MATERIAL FOR THIS TASK >>
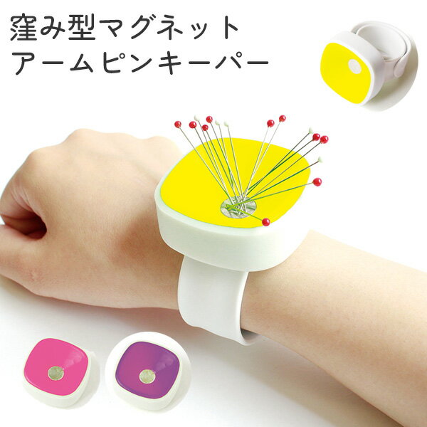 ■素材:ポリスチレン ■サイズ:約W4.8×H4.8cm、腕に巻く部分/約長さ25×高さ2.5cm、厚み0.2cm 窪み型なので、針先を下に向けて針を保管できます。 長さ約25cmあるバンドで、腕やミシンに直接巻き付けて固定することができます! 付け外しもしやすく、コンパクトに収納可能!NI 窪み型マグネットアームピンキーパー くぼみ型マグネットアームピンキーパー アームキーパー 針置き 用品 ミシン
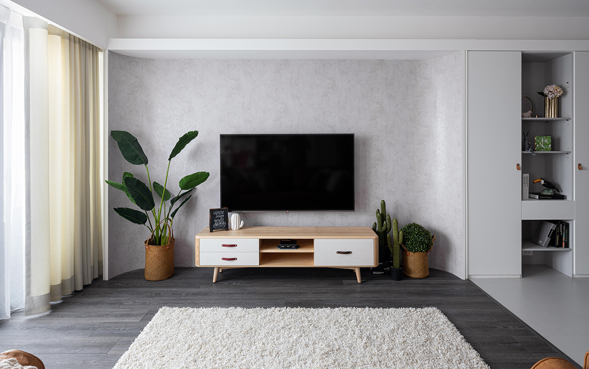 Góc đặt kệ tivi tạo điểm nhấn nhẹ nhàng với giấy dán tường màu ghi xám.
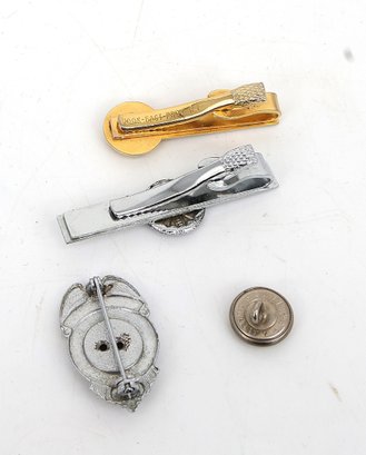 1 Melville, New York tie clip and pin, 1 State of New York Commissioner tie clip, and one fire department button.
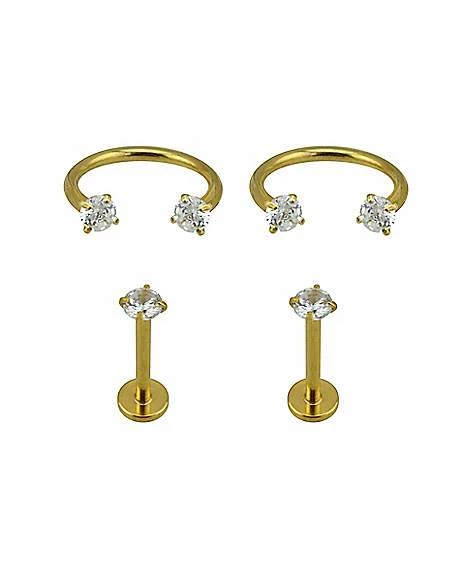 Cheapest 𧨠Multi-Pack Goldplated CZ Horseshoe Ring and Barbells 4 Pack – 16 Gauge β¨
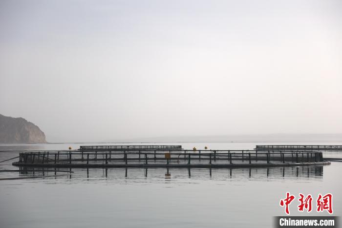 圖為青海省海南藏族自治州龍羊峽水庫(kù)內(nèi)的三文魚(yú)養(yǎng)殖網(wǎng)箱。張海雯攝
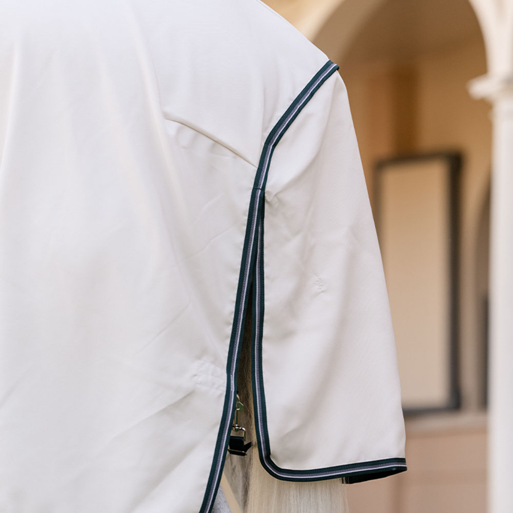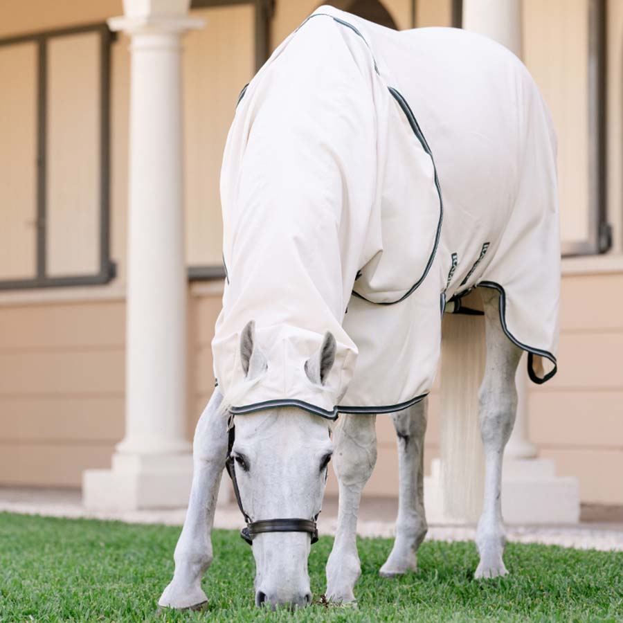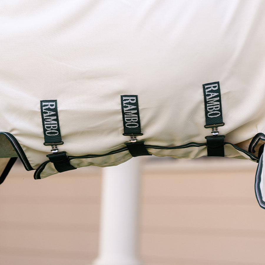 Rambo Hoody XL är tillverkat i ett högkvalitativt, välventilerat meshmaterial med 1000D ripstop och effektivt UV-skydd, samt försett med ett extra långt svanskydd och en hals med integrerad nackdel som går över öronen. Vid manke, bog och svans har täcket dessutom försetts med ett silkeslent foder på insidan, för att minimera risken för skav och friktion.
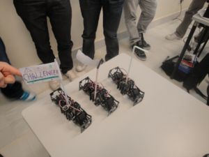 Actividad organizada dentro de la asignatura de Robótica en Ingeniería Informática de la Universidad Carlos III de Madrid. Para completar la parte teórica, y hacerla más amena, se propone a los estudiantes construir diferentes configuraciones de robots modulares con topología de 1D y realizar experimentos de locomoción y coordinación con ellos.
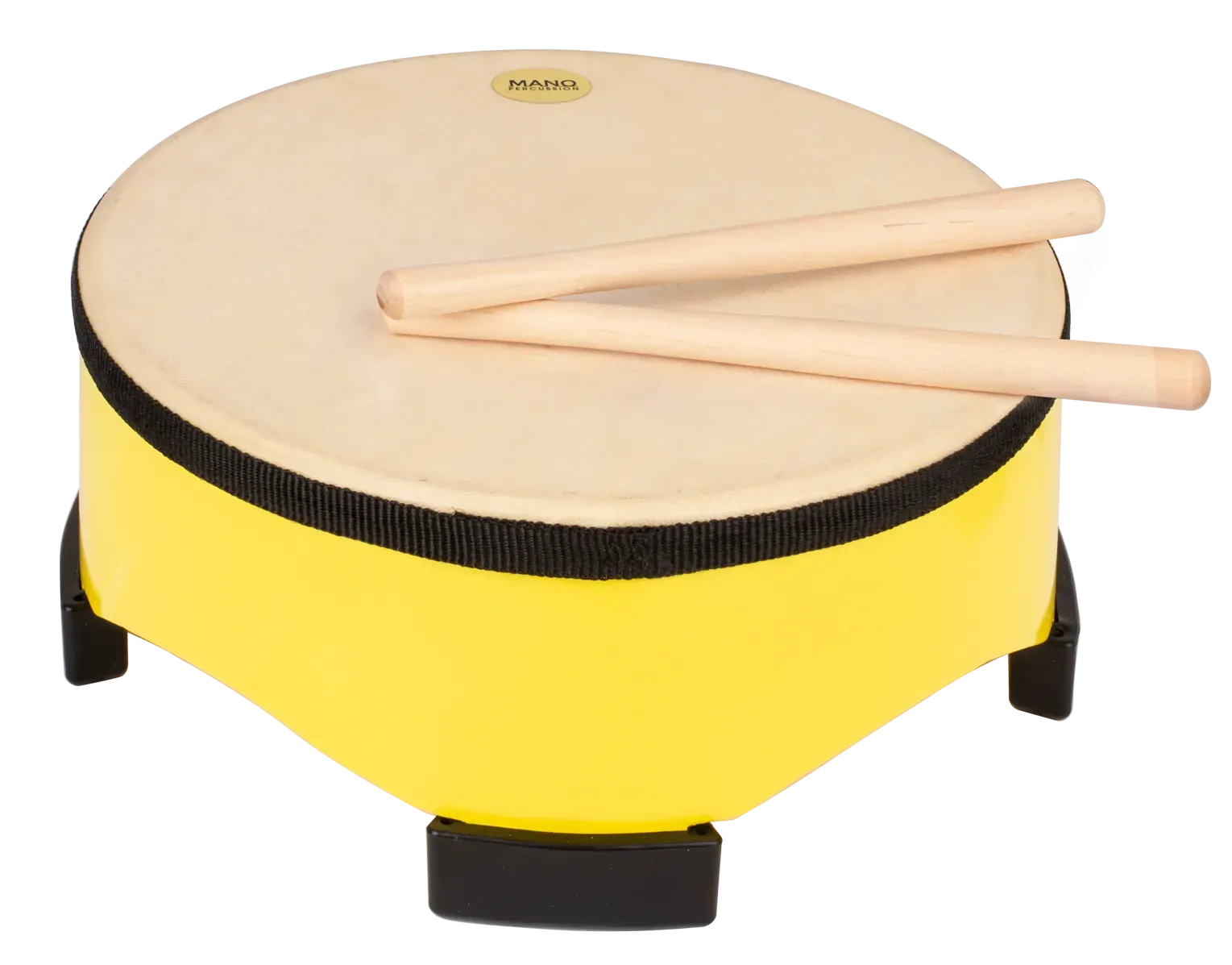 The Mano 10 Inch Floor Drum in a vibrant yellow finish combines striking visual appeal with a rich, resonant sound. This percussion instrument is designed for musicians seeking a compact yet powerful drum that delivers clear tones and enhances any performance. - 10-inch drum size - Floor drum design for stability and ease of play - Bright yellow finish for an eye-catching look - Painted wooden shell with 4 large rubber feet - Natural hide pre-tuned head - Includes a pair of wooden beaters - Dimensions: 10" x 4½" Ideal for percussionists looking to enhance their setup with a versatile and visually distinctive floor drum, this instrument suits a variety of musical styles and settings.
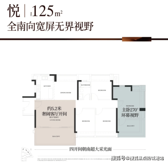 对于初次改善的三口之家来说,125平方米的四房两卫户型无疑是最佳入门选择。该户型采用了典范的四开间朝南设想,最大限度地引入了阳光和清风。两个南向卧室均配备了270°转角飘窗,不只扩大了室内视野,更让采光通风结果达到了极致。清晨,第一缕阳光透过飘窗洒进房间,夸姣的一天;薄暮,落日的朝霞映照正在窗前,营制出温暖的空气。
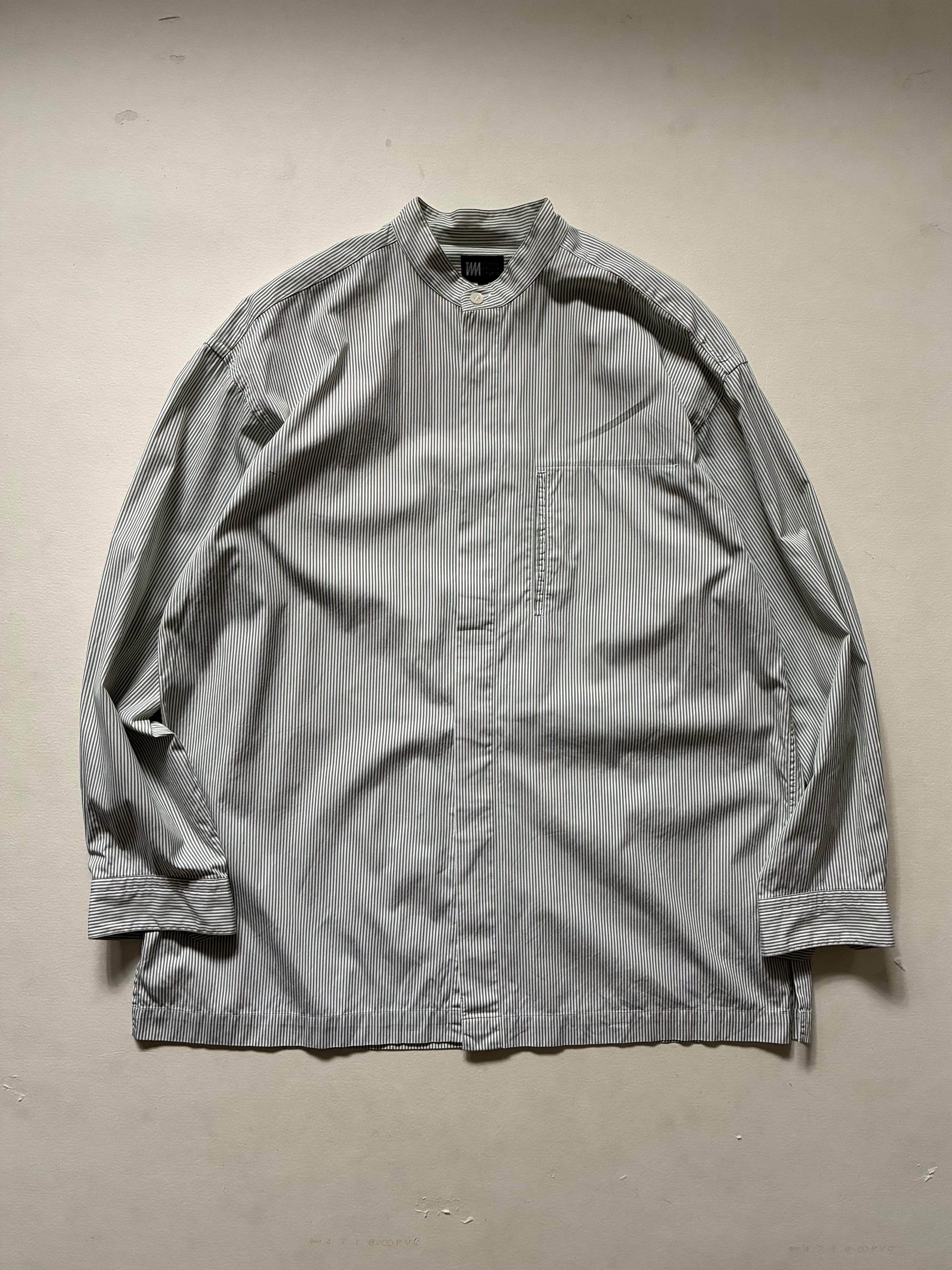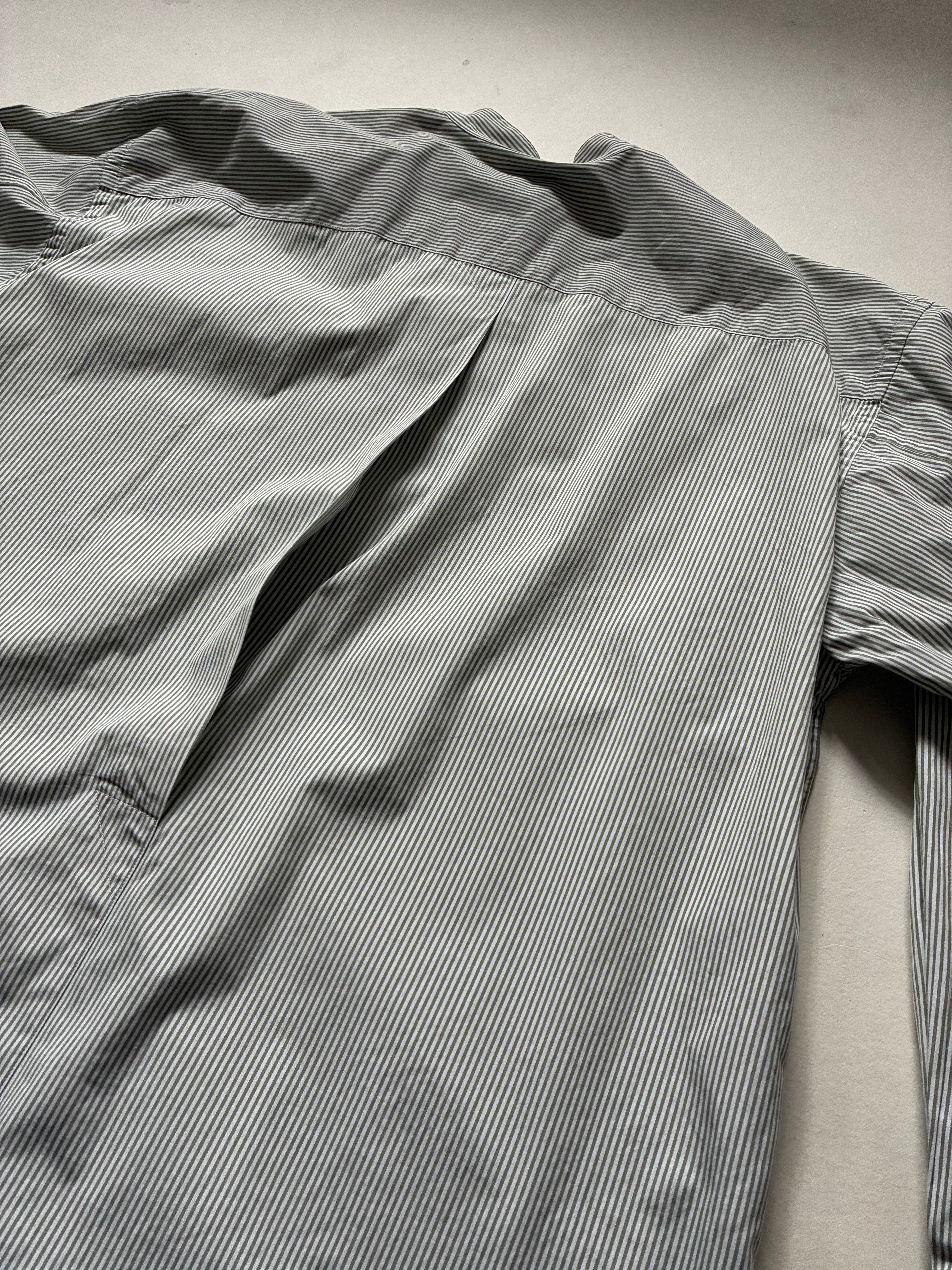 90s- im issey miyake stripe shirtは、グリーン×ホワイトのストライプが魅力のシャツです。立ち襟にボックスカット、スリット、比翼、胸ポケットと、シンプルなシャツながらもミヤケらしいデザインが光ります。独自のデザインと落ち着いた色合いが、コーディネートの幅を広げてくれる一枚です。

ACTION ITEM >>
The answer should consist of every line above, exact and free of images.

YOUR RESPONSE >>
 ■素材:ポリスチレン ■サイズ:約W4.8×H4.8cm、腕に巻く部分/約長さ25×高さ2.5cm、厚み0.2cm 窪み型なので、針先を下に向けて針を保管できます。 長さ約25cmあるバンドで、腕やミシンに直接巻き付けて固定することができます! 付け外しもしやすく、コンパクトに収納可能!NI 窪み型マグネットアームピンキーパー くぼみ型マグネットアームピンキーパー アームキーパー 針置き 用品 ミシン
 Góc đặt kệ tivi tạo điểm nhấn nhẹ nhàng với giấy dán tường màu ghi xám.
 1 Melville, New York tie clip and pin, 1 State of New York Commissioner tie clip, and one fire department button.
 Cheapest 𧨠Multi-Pack Goldplated CZ Horseshoe Ring and Barbells 4 Pack – 16 Gauge β¨
 圖為青海省海南藏族自治州龍羊峽水庫(kù)內(nèi)的三文魚(yú)養(yǎng)殖網(wǎng)箱。張海雯攝
 Rambo Hoody XL är tillverkat i ett högkvalitativt, välventilerat meshmaterial med 1000D ripstop och effektivt UV-skydd, samt försett med ett extra långt svanskydd och en hals med integrerad nackdel som går över öronen. Vid manke, bog och svans har täcket dessutom försetts med ett silkeslent foder på insidan, för att minimera risken för skav och friktion.
 Actividad organizada dentro de la asignatura de Robótica en Ingeniería Informática de la Universidad Carlos III de Madrid. Para completar la parte teórica, y hacerla más amena, se propone a los estudiantes construir diferentes configuraciones de robots modulares con topología de 1D y realizar experimentos de locomoción y coordinación con ellos.
 The Mano 10 Inch Floor Drum in a vibrant yellow finish combines striking visual appeal with a rich, resonant sound. This percussion instrument is designed for musicians seeking a compact yet powerful drum that delivers clear tones and enhances any performance. - 10-inch drum size - Floor drum design for stability and ease of play - Bright yellow finish for an eye-catching look - Painted wooden shell with 4 large rubber feet - Natural hide pre-tuned head - Includes a pair of wooden beaters - Dimensions: 10" x 4½" Ideal for percussionists looking to enhance their setup with a versatile and visually distinctive floor drum, this instrument suits a variety of musical styles and settings.
 对于初次改善的三口之家来说,125平方米的四房两卫户型无疑是最佳入门选择。该户型采用了典范的四开间朝南设想,最大限度地引入了阳光和清风。两个南向卧室均配备了270°转角飘窗,不只扩大了室内视野,更让采光通风结果达到了极致。清晨,第一缕阳光透过飘窗洒进房间,夸姣的一天;薄暮,落日的朝霞映照正在窗前,营制出温暖的空气。
 90s- im issey miyake stripe shirtは、グリーン×ホワイトのストライプが魅力のシャツです。立ち襟にボックスカット、スリット、比翼、胸ポケットと、シンプルなシャツながらもミヤケらしいデザインが光ります。独自のデザインと落ち着いた色合いが、コーディネートの幅を広げてくれる一枚です。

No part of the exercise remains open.